Chapter 60

Imogen

I remember lying here like this less than twenty-four hours ago, but somehow in another lifetime, staring at him while he

sleeps. I distinctly remember thinking that if I could permit myself to believe in true, real happiness—the kind that lasts—then

it would be waking with his arms wrapped around me and my cheek pressed against his chest, my muscles aching from all the

pleasure our bodies took from each other in the night.

But yesterday was a lifetime ago, when he was Lincoln Knight and not Killian Wolfe.

I trace my fingertips over the mottled scars on the right side of his chest. I know he thinks they make him monstrous, but

not to me. They were always a beautiful part of the beautiful whole of him. Until I realized how he must have got them in

the first place.

So how? How can he touch me like he does, kiss me the way he does, make my body sing the way he does if it’s not real?

I lie on my side and go on watching him sleep, his hand gripping my hip possessively even in his slumber.

Is that because he can’t bear to let me go?

Or because he doesn’t want me to escape?

It feels like the former. When I’m with him, everything feels right in a way that it never has in my life.

He makes me feel like I can be me. Doesn’t he?

Because the truth is I don’t know who I am.

I was the person I was trained to be for eighteen years, and then for the last six months .

. . who knows. Maybe I became the woman Killian wanted me to be.

And what really happened to my parents? Do I believe my grandfather—a man who taught me loyalty, who saved my life, yet only

ever showed me cruelty at worst and indifference at best? Or do I believe in Killian? My godfather. A man who murdered my

parents. A man who should have protected me when I was a child instead of allowing the Brotherhood to make a deal with my

grandfather. A man who has lied to me from the moment we met. The same man who tells me he loves me and has shown me more

kindness and compassion in a few months than I’ve ever known in my whole life.

I refuse to believe that everything between us has been a lie, and I do believe that in his own way, he loves me. But I live

in a world where truth and lies can’t be so easily distinguished from the other, and more importantly, a world where I no

longer trust my own judgment.

What I do know as fact is that man in the photograph is the man lying next to me.
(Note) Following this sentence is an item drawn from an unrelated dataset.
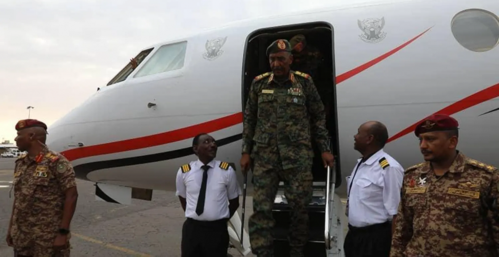 يُذكر أنه بعد اندلاع الحرب، انتقلت العاصمة إلى مدينة بورتسودان على ساحل البحر الأحمر، واتخذت «عاصمة مؤقتة» تدار منها أعمال الحكومة، لكن زيارات البرهان لم تنقطع عن زيارة قواته في المدينة، بيد أنه كان يستقل في زياراته تلك طائرات مروحية. ويعد هبوط الطائرة الرئاسية في مدرج مطار الخرطوم، الذي تعرض لتدمير كبير، خطوة تستهدف إعادته للعمل مجدداً.
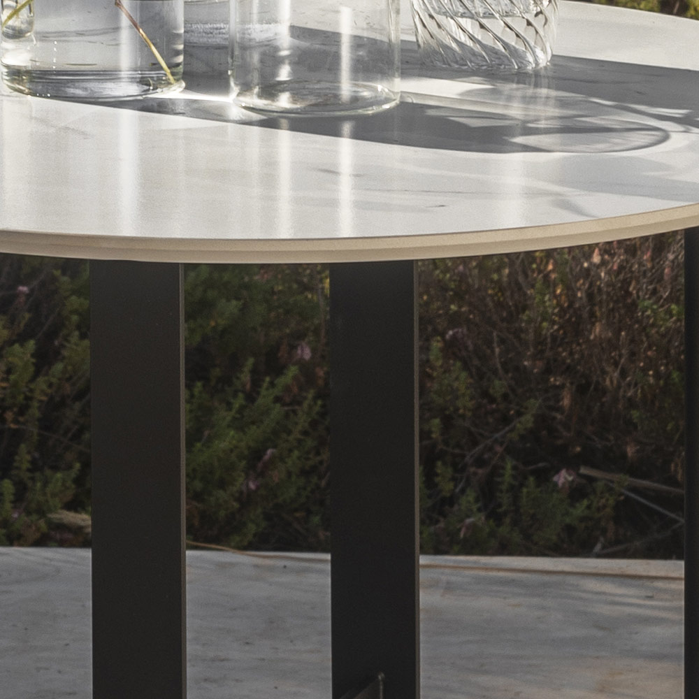 Der Outdoor-Couchtisch mit schwarz lackierter Stahlstruktur und Platte aus Feinsteinzeug mit weißer Marmoroptik wurde in Italien unter Verwendung von Materialien hergestellt, die eine hervorragende Widerstandsfähigkeit und Stabilität garantieren. Das unverwechselbare und avantgardistische Design , das die runde Form dieses Couchtisches unterstreicht, kann gleichzeitig eine starke szenische Wirkung erzeugen, die nützlich ist, wenn Sie Außenumgebungen beleuchten möchten, die eine Einrichtungslösung mit starker Persönlichkeit benötigen.

My godfather. And whatever his motives,

he’s lied to me from the moment we met. For that reason alone, I need to discover my own truth, and the only way to do that

is alone.

Thunder rolls in the sky outside and I shiver. Instinctively, he pulls me into his arms, wrapping me in his warmth and pressing

his lips to the top of my head. “I’ve got you, angel,” he murmurs sleepily.

Tears sting my eyes. That his instinctive response is to protect me makes me falter, but only for a second. He lied to me.

Fact. He’s not who he says he is. Fact. And that is all I truly know to be real.

I may have been raised by wolves, but they taught me well. How to do whatever is necessary for survival.